Redeemed (House of Night #12)(4)

“But I said not to follow me! I said I deserved to face my consequences.” I was crying as hard as Stevie Rae now.

“Then live and face them! And I’ll be right here as close to you as I can get through the whole thing!” Stark hurled the words at me.

“I can’t. I’ve already started rejecting the Change.” I sobbed.

“Child, your grandmother spoke the truth. Unless your body’s rejection of the Change was already fated, our presence will stop it,” Thanatos said.

“You’re not dying! I won’t let you!” Stark shouted through his tears, and started to come into my cell.

“Hold on there, boy! I said only one of you at a time can go into her cell.” A guy in a sheriff’s uniform stepped up from behind my group of friends and placed himself between them and my cell. “Detective Marx told me I had to allow you vampyres in the building if you showed up, but I ain’t bending the rules enough to let her have more than one visitor at a time. Her Grandma’s family. The rest of you can wait in the interrogation room.” He gave Grandma a stern look. “You have fifteen minutes.” Then he slammed the door.
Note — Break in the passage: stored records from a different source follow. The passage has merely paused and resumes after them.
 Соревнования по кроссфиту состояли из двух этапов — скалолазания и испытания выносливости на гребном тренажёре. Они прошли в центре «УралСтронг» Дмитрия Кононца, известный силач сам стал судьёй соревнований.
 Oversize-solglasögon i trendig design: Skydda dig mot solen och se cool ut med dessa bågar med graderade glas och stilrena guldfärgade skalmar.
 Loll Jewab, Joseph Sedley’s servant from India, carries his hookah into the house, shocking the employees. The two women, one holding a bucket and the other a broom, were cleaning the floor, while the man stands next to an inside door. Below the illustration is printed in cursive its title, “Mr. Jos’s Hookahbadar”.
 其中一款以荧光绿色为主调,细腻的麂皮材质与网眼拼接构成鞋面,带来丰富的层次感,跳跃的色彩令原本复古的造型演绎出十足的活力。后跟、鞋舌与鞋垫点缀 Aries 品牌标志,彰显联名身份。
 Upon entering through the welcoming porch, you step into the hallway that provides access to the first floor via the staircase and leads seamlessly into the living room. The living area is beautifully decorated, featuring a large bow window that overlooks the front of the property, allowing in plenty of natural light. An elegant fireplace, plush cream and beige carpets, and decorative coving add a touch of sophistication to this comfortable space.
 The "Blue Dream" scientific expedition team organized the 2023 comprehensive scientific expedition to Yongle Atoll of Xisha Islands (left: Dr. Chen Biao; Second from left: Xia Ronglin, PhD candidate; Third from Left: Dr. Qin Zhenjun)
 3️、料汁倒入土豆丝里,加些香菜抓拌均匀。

“Fifteen minutes.” Grandma made a small sound of disgust. “That isn’t a proper visit. That is a hard-boiled egg. Well, then, I’ll not dillydally. Zoeybird, blow your nose and stand for me. You need a good smudging. Oh, the gentleman who searched this certainly made a mess of my basket.”
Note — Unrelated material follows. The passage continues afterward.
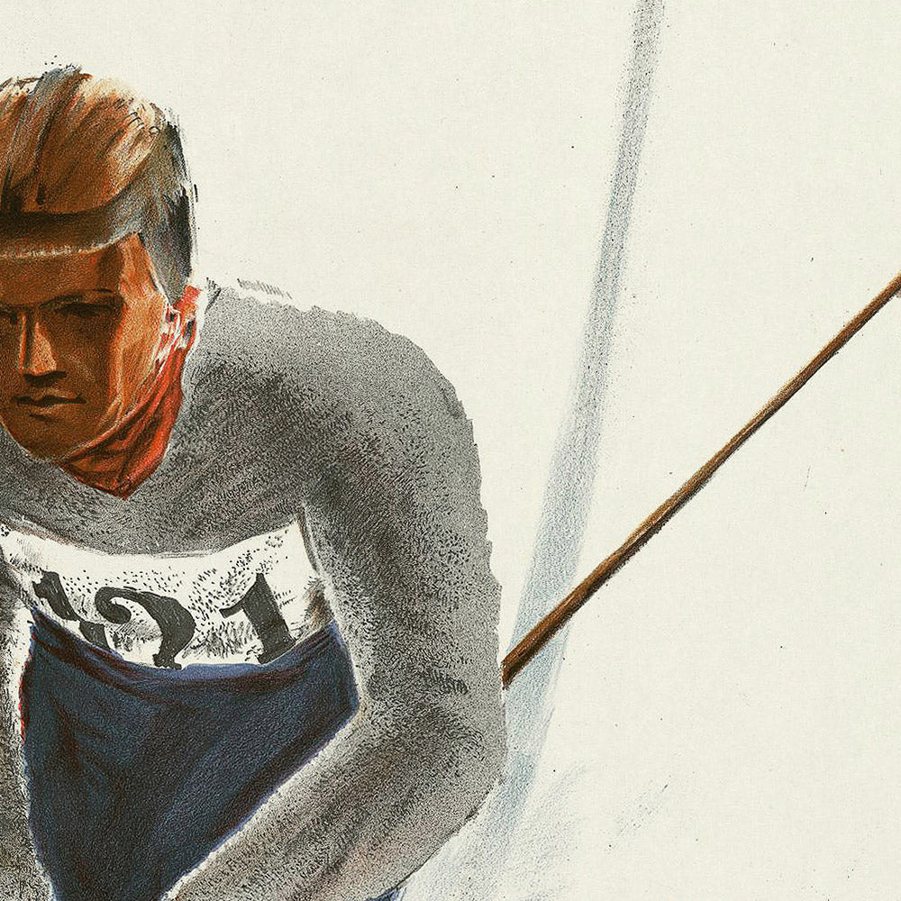 About the artist: Though biographical records for Einar Johnsen are scarce, his name and the period of this design align with a cohort of Norwegian poster artists active in the 1920s–1930s, when commercial art embraced clarity, bold color, and decisive forms. Artists in this circle worked for travel bureaus, sporting associations, and outfitters, crafting images that distilled motion into memorable silhouettes and typography. Johnsen’s work here demonstrates that visual language—simple, legible, and irresistibly kinetic.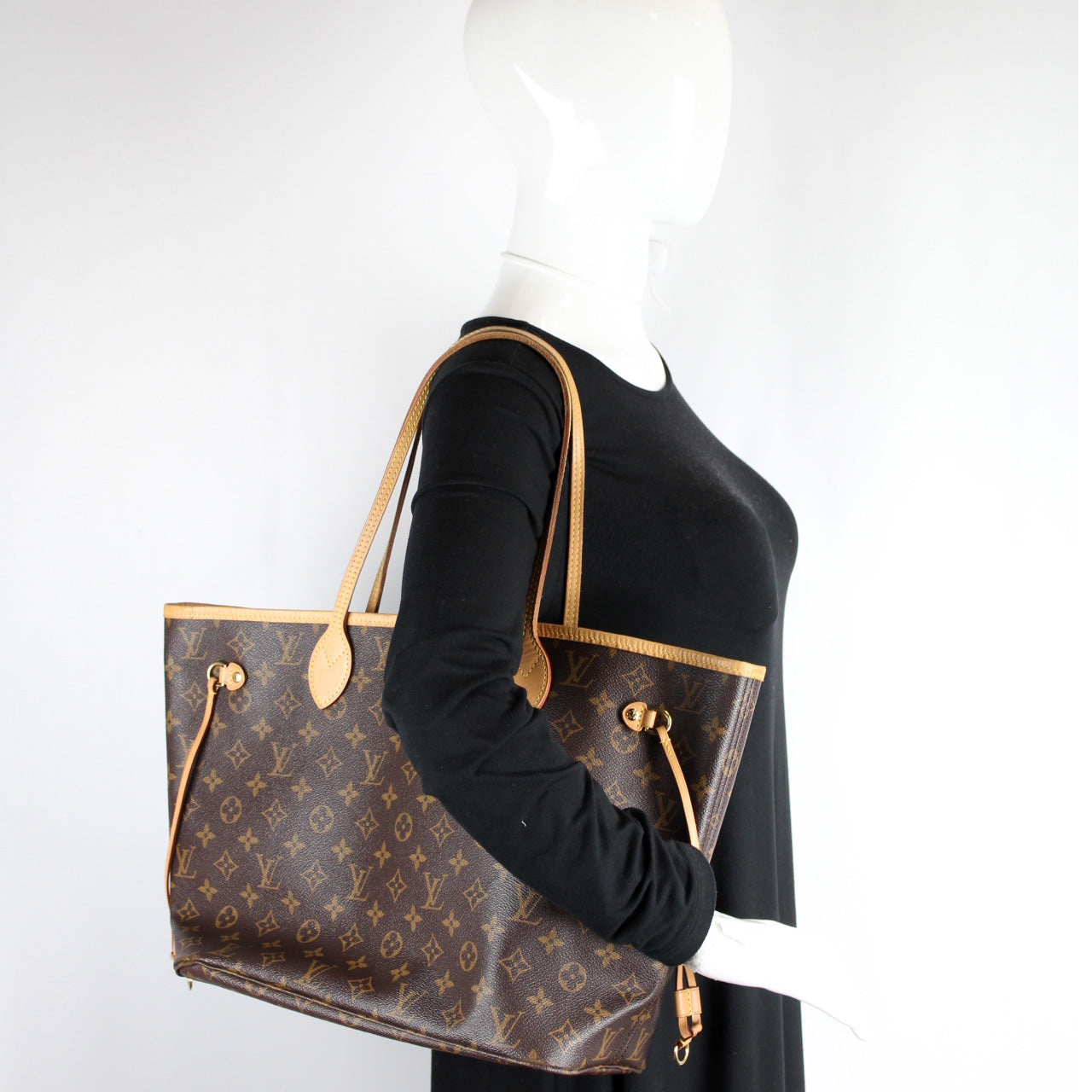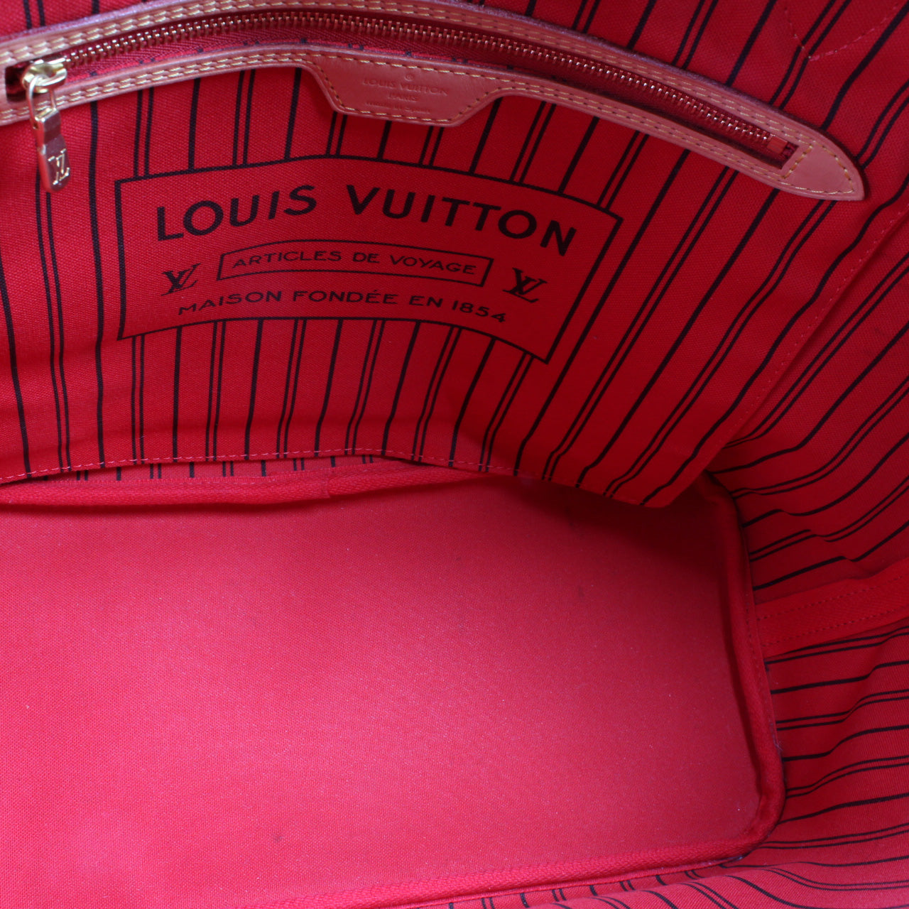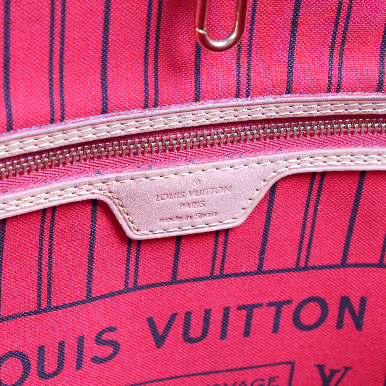 This pre-owned Louis Vuitton Neverfull MM is guaranteed 100% authentic. The exterior is in the classic Louis Vuitton Monogram coated canvas.

She was already rummaging around in her bottomless picnic basket, so I had to take her hands in mine to stop her and get her attention focused on what I was saying.

“Grandma, I love you. You know that, right?”

“Of course, u-we-tsi-a-ge-ya. And I love you—with all my heart. That is why I must smudge you. I wish there was a bathtub in here, or even a sink, to help cleanse you even more. But the smudging will have to do. I worked all night and finally chose to smudge from this oyster shell you and I dug when we followed the Mississippi River to the Gulf the summer you turned ten. Do you remember?”

“Yes, of course, but Grandma—”

“Good. I’ve ground and mixed together sage, cedar, and lavender. Combined, they make a powerful smudge for emotional and physical cleansing.” She was pouring dried herbs from a black velvet pouch into the oyster shell. “I’ve also brought an eagle feather and my favorite piece of raw turquoise. I know they might take it from you, but let us try to hide it within your mattress. It should serve to protect you while—”

“Grandma, please stop,” I interrupted her. Meeting her eyes without flinching, I said, “I killed those two men. I don’t deserve to be cleansed or protected. I deserve what was happening to me before you all showed up.”

I hadn’t meant to sound cold, but my words made her flinch, so I softened my voice, but not my resolve. “The vampyres may have made it so that I won’t drown in my own blood, but that doesn’t change the fact that I did a terrible thing—a thing that I have to be punished for.”

She paused in the preparation of my smudging and her sharp eyes met mine. “Tell me, u-we-tsi-a-ge-ya, why did you kill those two men?”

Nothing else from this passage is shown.